Ionisation energies of paired vs unpaired electrons.

[Robsta]

Homework Statement

Why is it harder to rip off a paired electron than an unpaired electron? I'm trying to work out why the ionisation energy is lower for chlorine than for argon.

Homework Equations

Configuration for argon: $$1s^22s^22p^63s^23p^6 $$
Configuration for chlorine $$1s^22s^22p^63s^23p^5 $$
I know that argon has three pairs of electrons in p orbitals with opposite spins. Chlorine has two pairs and a lone electron. Why do electrons get more strongly bound when they have a spin pair? I know that electrons with opposite spins can get closer to each other because they're not anticorrelated, but I'm not sure why they'd have a lower energy than an electron without a partner.
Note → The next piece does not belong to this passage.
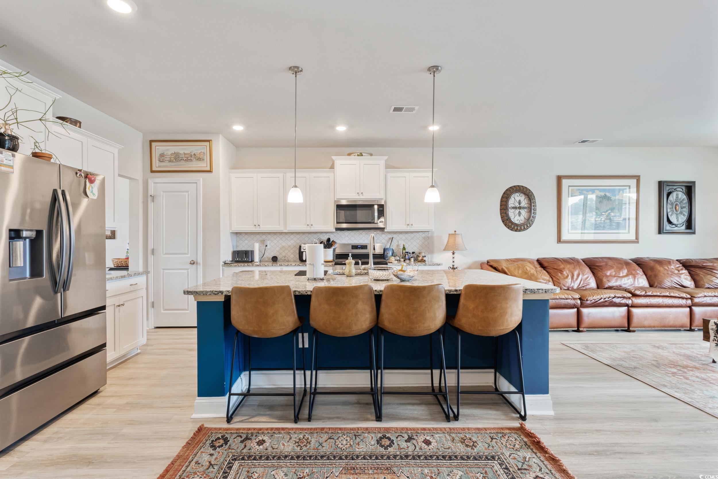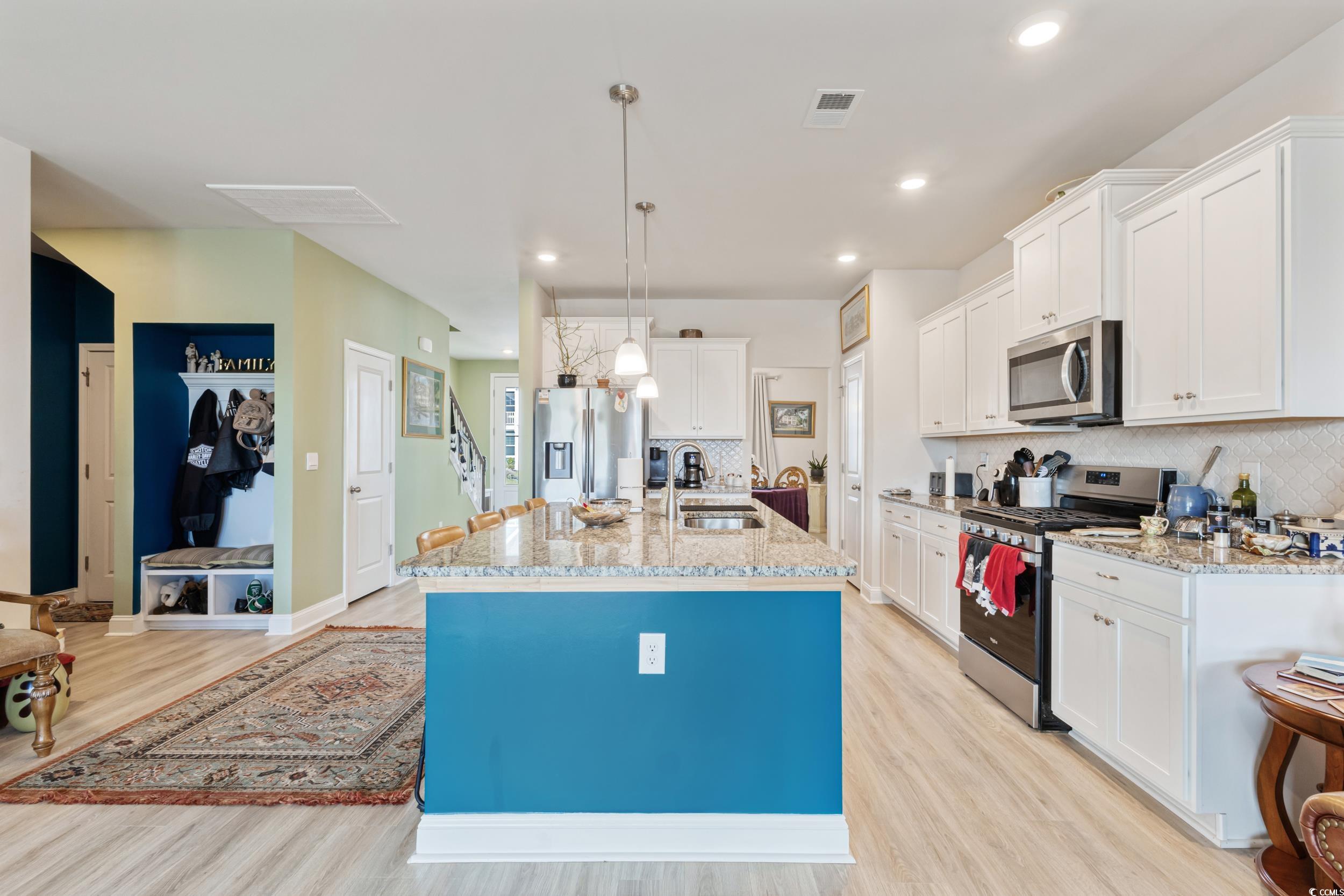 Significant Price Improvement – Incredible Value! If you’ve been searching for space, functionality, and beautiful pond views, this move-in ready Tillman plan delivers it all. Offering the perfect blend of indoor and outdoor living, this home features a welcoming front porch, a second-floor balcony, and a spacious rear screened porch overlooking the pond — ideal for relaxing or entertaining. Inside, the kitchen shines with sleek quartz countertops, 36” cabinetry, a large eat-in island, and stainless steel appliances including a gas range. Wide plank laminate flooring flows seamlessly through the dining area, kitchen, and living room, creating a warm and open feel. The first-floor owner’s suite offers a spacious walk-in closet and a private bath with dual vanities, a 5’ tiled shower, and linen closet. Upstairs, you’ll find a generous loft, four additional bedrooms, and two full baths — including one bedroom with direct balcony access. This is America’s Smart Home, equipped with integrated smart technology to control the thermostat, front door light and lock, and video doorbell from your smartphone or via Alexa. Enjoy community pool access included in the HOA, all just approximately 3 miles to the beach and conveniently located near shopping, dining, medical offices, and hospitals. The current owners are downsizing — creating a fantastic opportunity for the next family. Ideal for growing families or multi-generational living. Schedule your private showing today and take advantage of this new price!

Can anybody explain?

The Attempt at a Solution

 

[blue_leaf77]

This is because electrons in the same subshell (in your example, subshell 3p) have similar wavefunctions, i.e, their radial distances from the nucleus do not vary significantly from one another. When the proton number increases, one electron must be added in order to make the atom neutral, but as long as the added electron still occupies the same subshell as the last electron of the previous atom, the additional screening provided by the new electron is rather negligible compared to the increased binding force of the nucleus due to the addition of one proton. Therefore, the ionization energy increases. If you add one more electron to an already filled subshell, this electron will occupy a new subshell which is at some distance away from the last subshell. So the screening of the electrons in the lower subshells will be effective enough to counter the nuclear binding force, and thus the ionization energy decreases as you move to the next row in the periodic table.